13 Bankruptcy Act, s 58(3), provides:

          Except as provided by this act, after a debtor has become a bankrupt, it is not competent for the creditor:

          (b) except with the leave of the Court and on such terms as the Court thinks fit, to commence any legal proceedings in respect of a provable debt or take any fresh step in such a proceeding.

14 It is true that under s 58(3)(b), leave can be granted to commence or to take a fresh step in a legal proceeding which is otherwise stayed by operation of s 58(3). Although there is some doubt about it, the balance of authority favours the view that such leave must be obtained from the bankruptcy court – relevantly, in this case, the Federal Magistrates Court [see Davies v Gertig (No 2) (2002) 83 SASR 521; Green v Schneller (2001) 164 FLR 82; 189 ALR 464; Gao v Official Trustee in Bankruptcy of Yu Jing Zhu [2002] VSC 285; Fraser Property Developments Pty Limited v Sommerfeld (No 2) [2005] 2 Qd R 404 but compare Re Killington; Ex parte Chisholm v Official Trustee in Bankruptcy of the Estate of Killington [1998] FCA 1474]. At least in the absence of learned argument to the contrary, I should follow the overwhelming balance of authority to the effect that this Court does not have jurisdiction to grant leave under s 58(3)(b). Accordingly, it is not competent for me to grant leave to Mr Parkinson to continue his claims.

15 But even if it were competent to do so, I would not grant such leave. Given that both parties claim to be in financial distress, this seems to me to be the paradigm case in which Mr Parkinson should proceed by way of proof of debt with the trustee in bankruptcy, rather than by contested proceedings before this Court. It is the obligation of the trustee in bankruptcy to assess the claims made by creditors on a bankrupt estate and admit or reject proofs of debt – and thereby found, if necessary, any right of appeal from a rejection. Accordingly, even if I thought I had jurisdiction to do so, I would not grant leave; but that is a matter for another court, and not for me.

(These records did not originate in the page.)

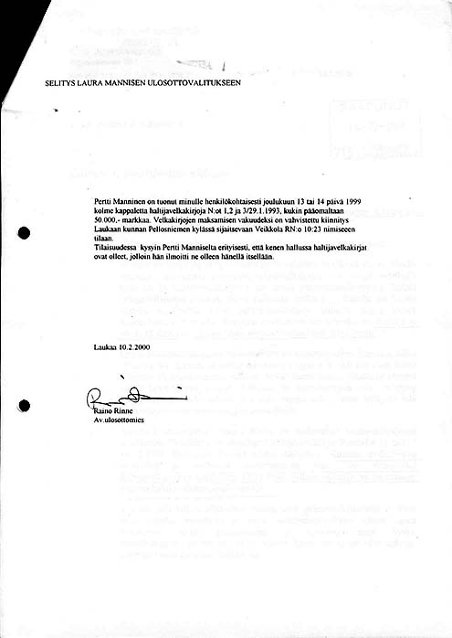 Liitteen liite. Selitys Laura Mannisen ulosottovalitukseen. (Avustava ulosottomies Raino Rinne).![]() |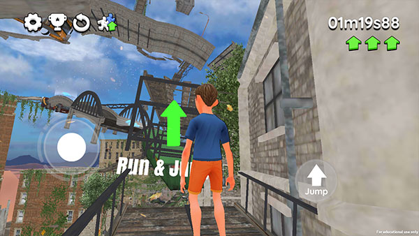 2、左下角移动,右下角“jump”跳跃,滑动屏幕可以旋转视角方向,开局沿着地面上的淡绿色荧光标识走。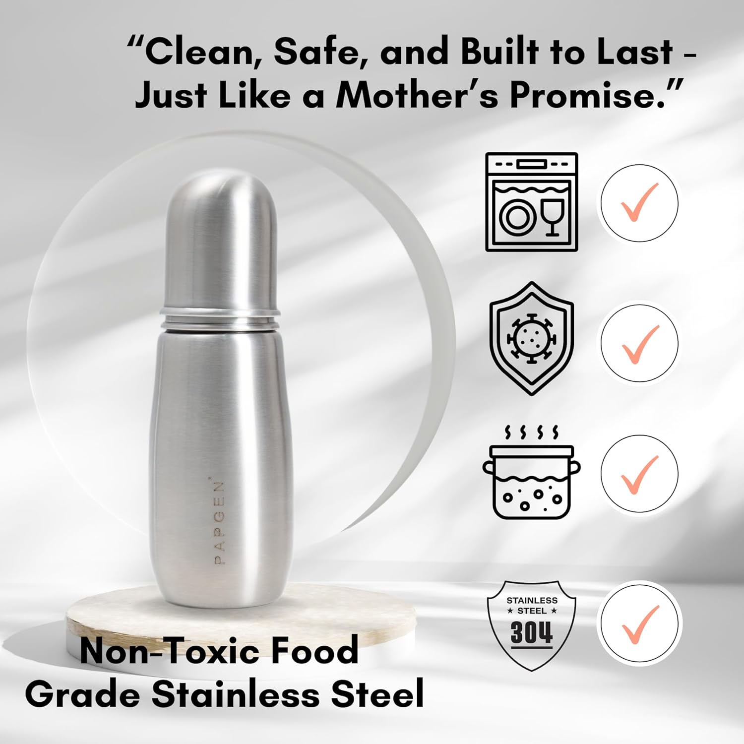 Safe & Hygienic Stainless Steel Baby Feeding Bottles Our stainless steel baby feeding bottles are BPA-free and non-toxic, ensuring your baby’s milk remains pure and uncontaminated. The smooth, polished surface is easy to sterilize and keeps every feed hygienic.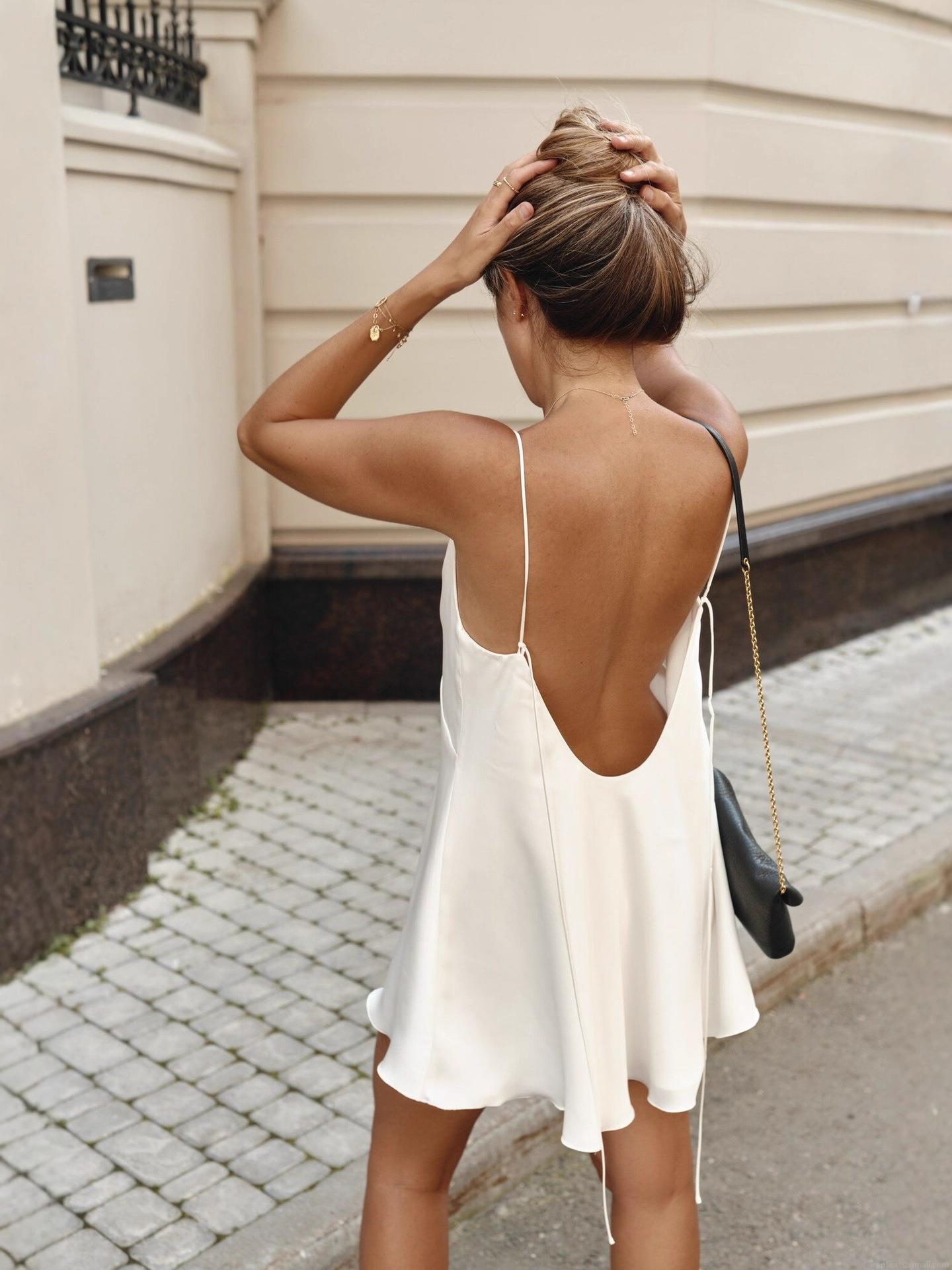 • Women Sexy V-Neck Satin Mini Dress Summer Vacation Backless Spaghetti Strap Lace Splicing A-Line Party Dress For Ladies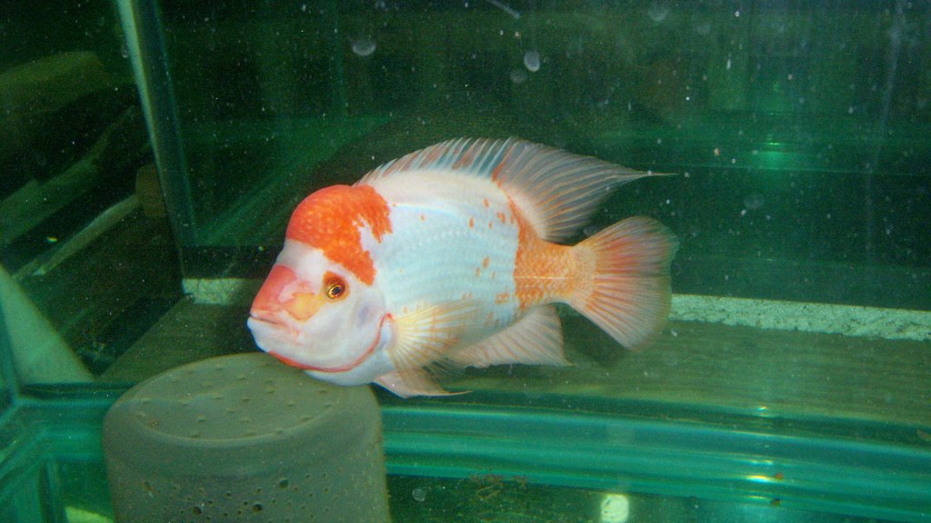 - Flowerhorn hybrid cichlid: https://www.monsterfishkeepers.com/forums/threads/14-flowerhorn-cichlid-in-4500-gal.683458/
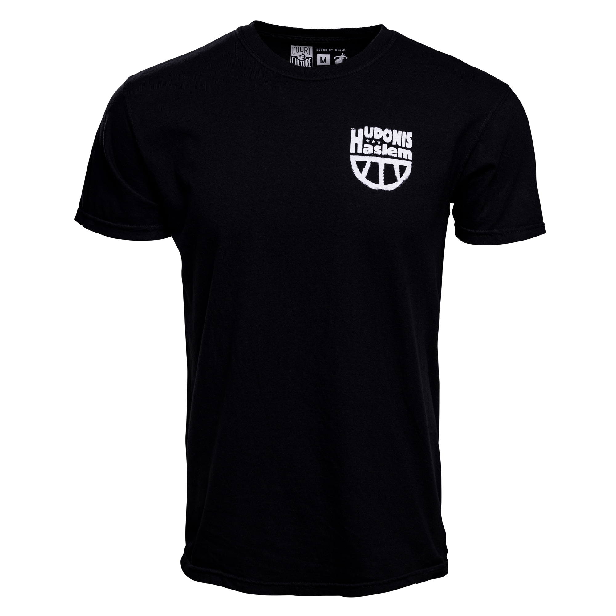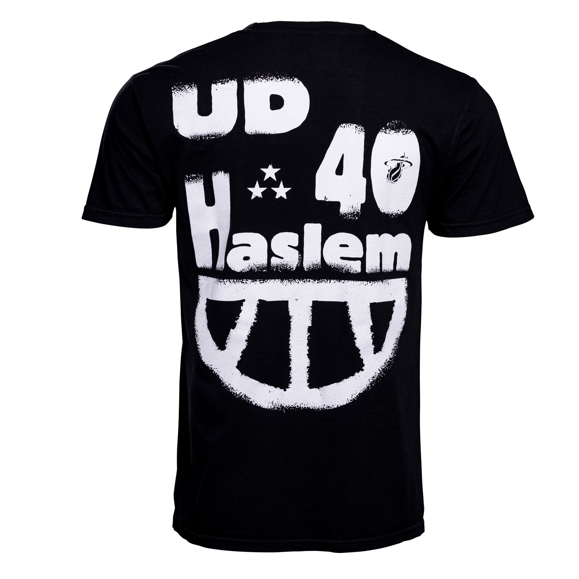 Black unisex tee with white UD Haslem 40 graphic and Miami HEAT logo on the back. - Court Culture Haslem 40 Black Unisex Tee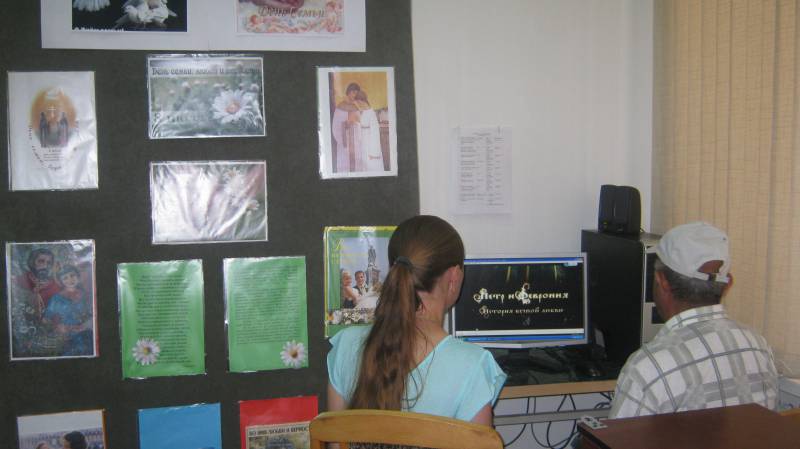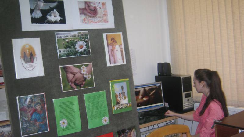 | Говорящая книжная выставка к Всероссийскому Дню семьи, любви и верности. 8.7.2016., отдел обслуживания. 15 человек. Цель: пропаганда культурно-нравственного просвещения, популяризация семьи и семейных ценностей у подрастающего поколения. В этот день Отрадненская районная библиотека провела мероприятие, посвященное Всероссийскому дню семьи, любви и верности. Все читатели, посетившие библиотеку, ознакомились с историей необыкновенной любви Петра и Февронии, ставших образцами супружеской верности, взаимной любви и семейного счастья ещё при жизни, об истории самого праздника, ставшего праздником всероссийского масштаба. Мероприятие сопровождалось демонстрацией документального кинофильма «Петр и Феврония. История вечной любви». | |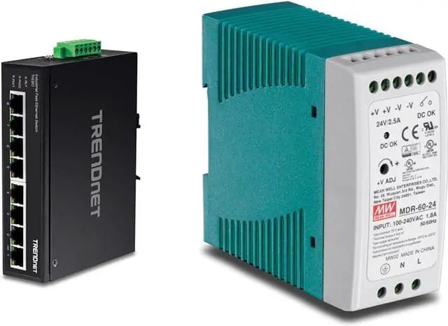 Trendnets 60 W Single output industrial DIN-Rail Power Supply, Model TI-M6024 (mean Well mdr-60-24), supplies up to 60 watts of power to industrial PoE equipment such as switches, network cameras, and Wi-Fi access points. This Power Supply comes with an integrated DIN-Rail mount and overload current protection.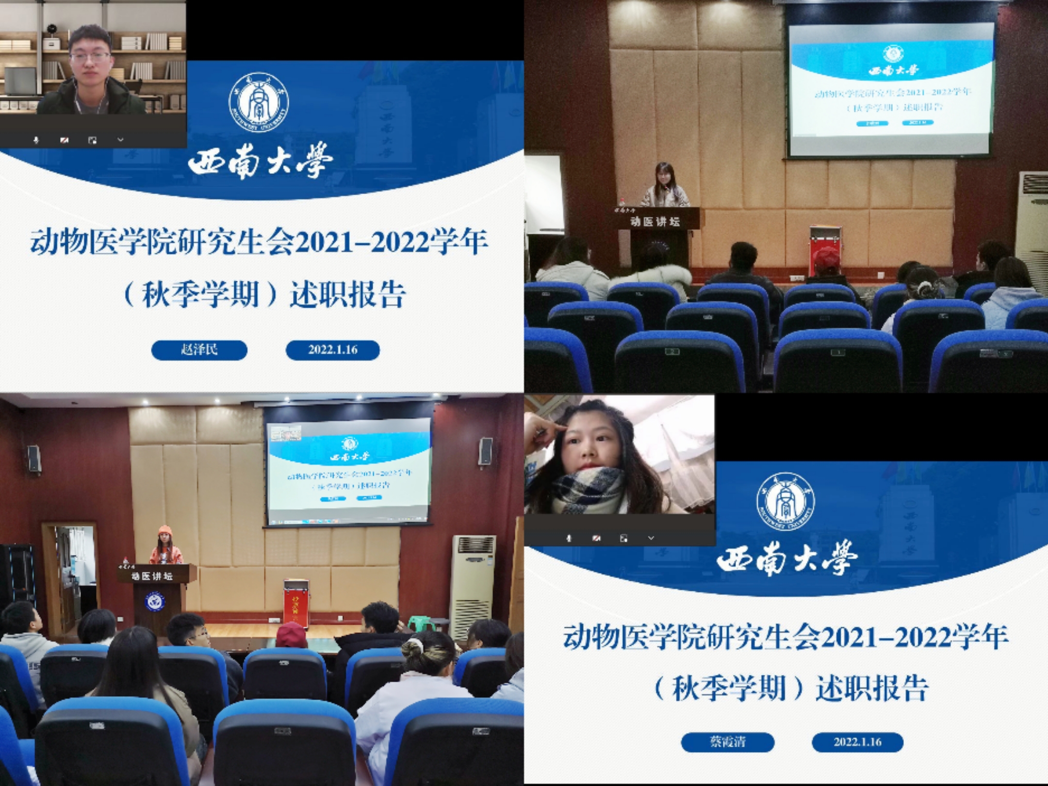 为深入贯彻落实党的十九届六中全会精神,持续深化研究生会组织改革,全面落实《关于推动高校学生会(研究生会)深化改革的若干意见》和《关于高校学生会(研究生会)述职评议会的工作指引(试行)》文件精神,进一步规范研究生会述职评议工作,认真总结工作经验,接受广泛监督,2022年1月16日下午,PA视讯集团研究生会2021-2022学年(秋季学期)述职评议会以线上线下结合方式于荣昌3110报告厅顺利召开,PA视讯集团研究生辅导员李林园老师出席会议,植物保护学院主席团代表李明霞同学、普通研究生代表以及院研会成员参会,会议由综合事务部负责人何政科主持。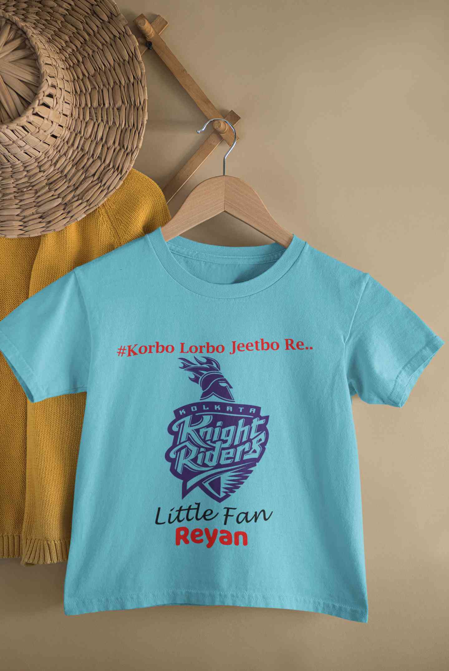 Custom Name IPL KKR Kolkata Knight Riders Korbo Lorbo Jeetbo Re Boy Half Sleeves T-Shirt for Boy-FashionRazor

16 Again, against the possibility that the appropriate court might grant leave to Mr Parkinson to continue his claims, I will stay his claims only until further order, rather than permanently.

17 Mr Parkinson also seeks a costs order in respect of the de facto property proceedings to date. However, it seems to me that such a costs order would create a provable debt, and that to seek it is to take a further step in proceedings in respect of a provable debt and is not permissible without leave, under s 58 (3)(b). This is consistent with the decision of Nicholson J in Australian Competition and Consumer Commission v The Bio Enviro Plan Pty Ltd (2004) 2 ABC(NS) 130, in which it was held that leave was required to pursue costs orders in proceedings under the (CTH) Trade Practices Act 1974, when the respondents had become bankrupt after the hearing and determination against them of the substantive issues in the proceeding. Consistently with that, I do not think that it is open to Mr Parkinson to seek, or to the Court to make, a costs order in respect of Ms Morkaya’s abandoned proceedings.

18 My orders, therefore, are as follows:

19 In proceedings 2008/278871, being the corporations proceedings:


      1. Order that until further order the proceedings be stayed.

      2. Reserve liberty to apply to vacate the stay in the event that leave under Bankruptcy Act s 58(3)(b) is granted by a court of competent jurisdiction.

20 In proceedings 2008/278779, being the de facto property proceedings:


      1. Order that until further order the plaintiff's claim be stayed.

      2. Reserve liberty to apply to vacate the stay, in the event that the sequestration order against the plaintiff is set aside or her bankruptcy is annulled, or there is some other relevant change of circumstances.

      3. Order that until further order the cross-claim be stayed.

      4. Reserve liberty to apply to vacate the stay of the cross-claim in the event that a court of competent jurisdiction grants leave under Bankruptcy Act s 58(3)(b) to Mr Parkinson, or in the event that application is made to vacate the stay of the plaintiff's claim.